__WHAT IS NEEDED__. Please reproduce the data exactly, though every picture must stay out.

[DATASET SECTION — start]

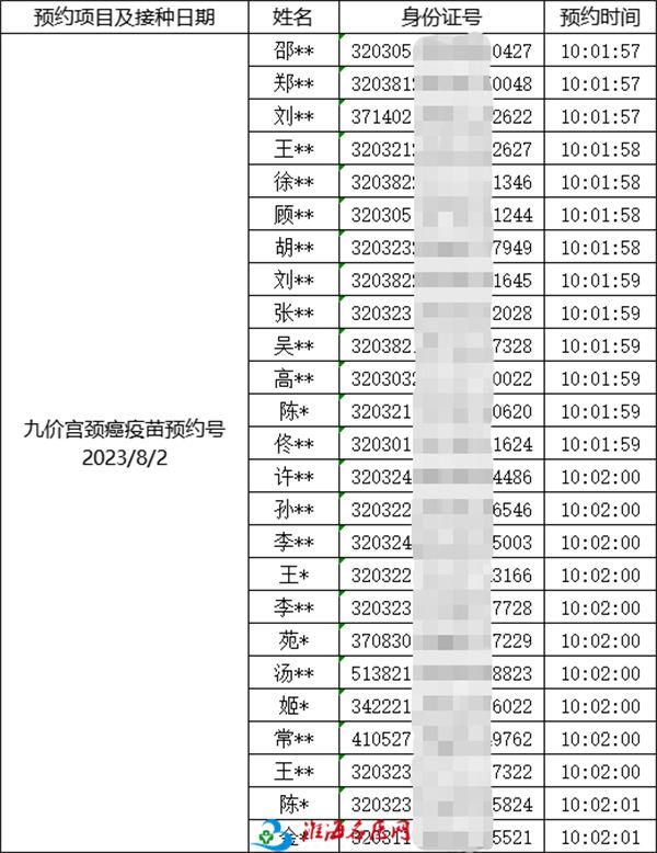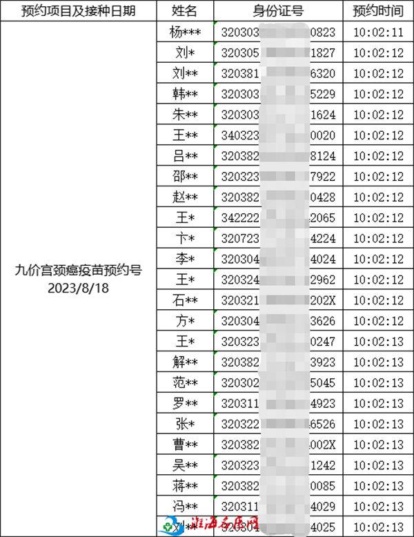 徐州市妇幼保健院成人预防接种门诊 7月31日宫颈癌疫苗线上预约成功名单公示
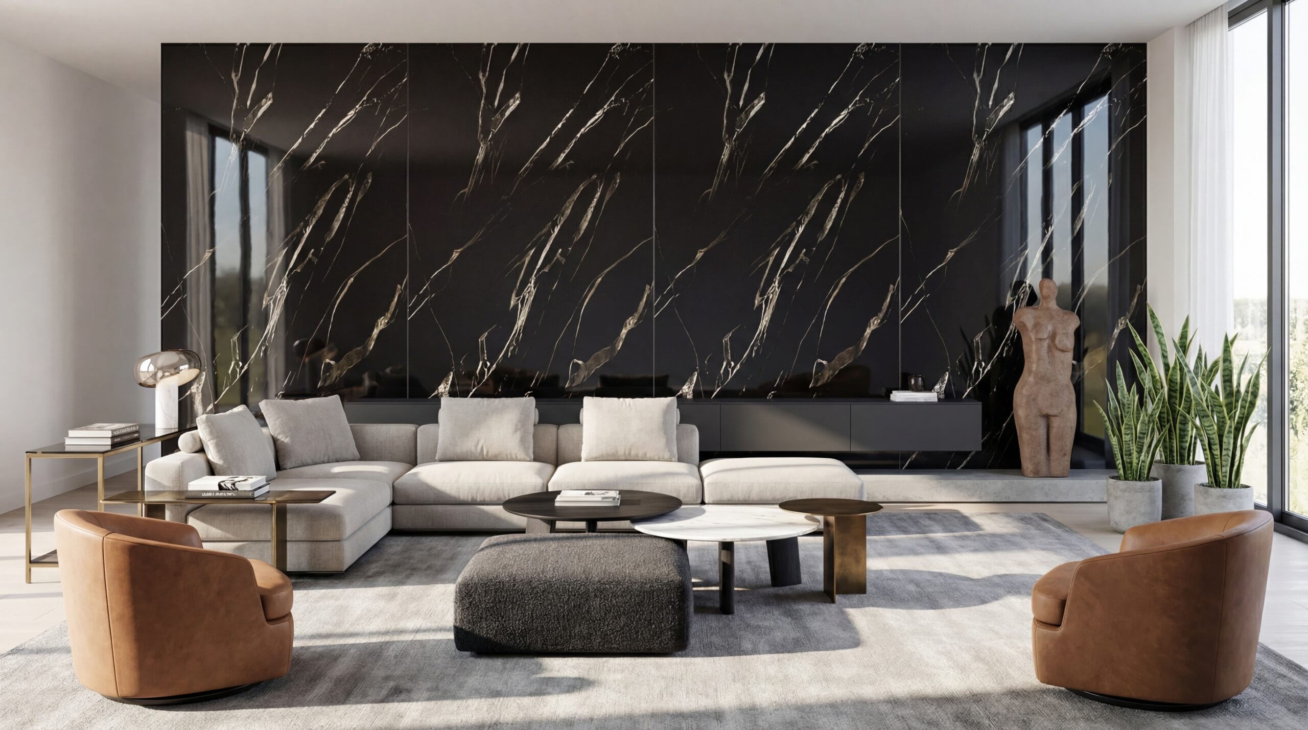 - Panel marmurowy PCV Nero Marquina Porto idealnie nadaje się na ściany dekoracyjne w salonach.
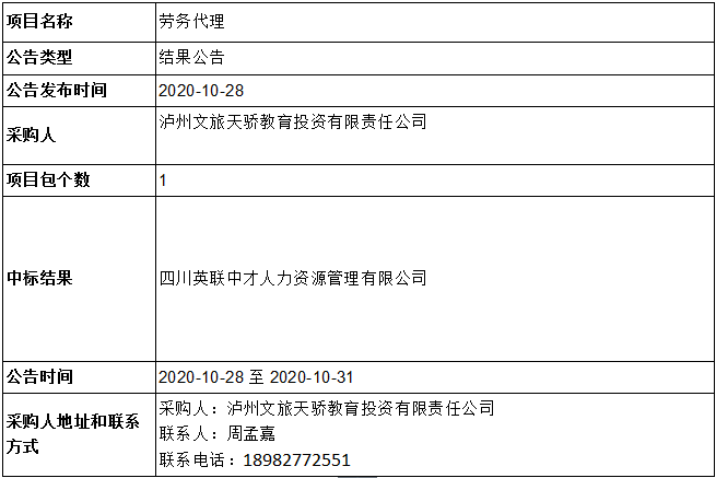 瀘州文旅天驕教育投資有限責任公司勞務代理競爭性談判結果公告

[DATASET SECTION — finish]

__EXPECTED OUTPUT__.
 徐州市妇幼保健院成人预防接种门诊 7月31日宫颈癌疫苗线上预约成功名单公示
 - Panel marmurowy PCV Nero Marquina Porto idealnie nadaje się na ściany dekoracyjne w salonach.
 瀘州文旅天驕教育投資有限責任公司勞務代理競爭性談判結果公告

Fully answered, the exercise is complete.